夏をたずねて大江千里

夏の終わりはひとそれぞれで、母は高校野球が終わると夏の終わりを感じるらしい。最近の僕にとっては、会社の夏季休暇の終わりがすなわち夏の終わりであって、結局今年ものんべんだらりとお盆休みを過ごしてしまった。親友の一人に誕生日が八月三十一日のヤツがいて、そいつは夏休み最後の日を毎年複雑な気持ちで迎えている相変わらずマセたガキだった。しかしながら、そんなアイツも、そして僕も、子どものころはそうやって、夏の終わりは八月末だと信じて疑わなかった。
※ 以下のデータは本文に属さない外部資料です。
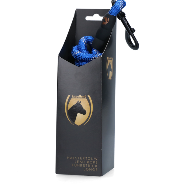 Het halstertouw van Excellent Horse is te combineren met alle halsters van Excellent Horse en is dan ook in 5 verschillende kleuren verkrijgbaar. In het halstertouw zitten reflecterende details en het gebruikte materiaal, namelijk sterk polyester, wordt ook gebruikt door bergbeklimmers. De bevestiging van het halstertouw bestaat uit een 360 graden draaibare musketonhaak (zwart) met een fraaie rubberafwerking. Het halstertouw heeft een lengte van 2 meter.

大江千里の夏の決心という歌が大好きなのだが、でも、やりたいことを金で買って溜め込んでる僕には夏休みは長いと思うし、一ヶ月でも自由になる時間があれば積みゲー積読もいっぱい崩せるんだぜと日頃から息巻いていて、でも夏休みってそんなライフハックのロスタイム用にあるわけじゃなくて、空が青くて雲が白くて水がキラキラで木がざわざわで、そんな景色を日々体験する時間で、そんな時間を過ごしていたらやっぱり夏休みは短いってことになるわけで、たぶん虫かごと虫あみと麦わらを装備したあの夏の僕はよつばみたいに最強だったんだ。